Gerald Gass, the chef at McEvoy Olive Ranch in Petaluma, has given us The Olive Harvest Cookbook (2004), documenting the vision of Nan McEvoy who planted a 550-acre property with thousands of olive trees, other fruit orchards and gardens, and built a state of the art oil production facility. Maren Caruso’s stunning photos will inspire you to try Gass’ mouth-watering recipes for soups, salads, pizzas, pastas, meats and desserts, all featuring olives, olive oil, fruits, lavender and honey produced on site.
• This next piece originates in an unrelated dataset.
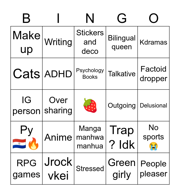 This bingo card has a free space and 24 words: Anime, Jrock vkei, Psychology Books, RPG games, Kdramas, Make up, Cats, Writing, Outgoing, Manga manhwa manhua, Talkative, IG person, Trap ? Idk, No sports 😭, ADHD, Green girly, Delusional, Stickers and deco, Factoid dropper, Over sharing, People pleaser, Py 🇵🇾🔥, Bilingual queen and Stressed.

Giving ample credit to McEvoy’s vision, to the gardeners, ranch workers and his co-chef Mark Rohrmeier, Gerald humbly offers up some beautiful cooking ideas. How about an heirloom tomato pizza tonight, with some lavender ice cream for dessert? Available online and by order at Copperfield’s books.
Also of note is the cookbook Down Home: Downtown by Jeff Mall (Zin Restaurant, Healdsburg) and Josh Silvers (Syrah Restaurant, Santa Rosa). These two chefs and long-time friends apply their own styles—Mall’s Americana comfort food and Silvers’ Paris-meets-Florence—to a side-by-side presentation of seasonal foods with photos that look good enough to eat. Available at ZinRestaurant.com
Red Beans & Rice and other Rock’n’Roll Recipes by music impresario and blues legend Johnny Otis is full of juicy morsels of music trivia and multicultural recipes provided by Johnny, his wife Phyllis, his kids and their spouses, his friends, his doctor, fellow musicians and his extended community.
It’s all here—soul food from every culture: curries, gumbos and jambalaya, latkes and wagmiza wasna (vegetarian pemmican from the Lakota Sioux), chili, tiropita, tamale pie, Senegalese couscous, chorizo, fried chicken, “good old, plain old spaghetti,” and of course, red beans and rice. Johnny and his friends and family love to cook and eat, and Johnny’s vignettes are a window into a rich and soulful life. This book is mouth-watering entertainment and a great read. Available online.
I’ve touched on a fairly wide selection of locally written cookbooks, but naturally there are many more, including those cookbooks and recipe collections published by community groups, churches, and non-profits such as Food For Thought. Visit your locally owned bookstore to find even more of these gems. Happy cooking!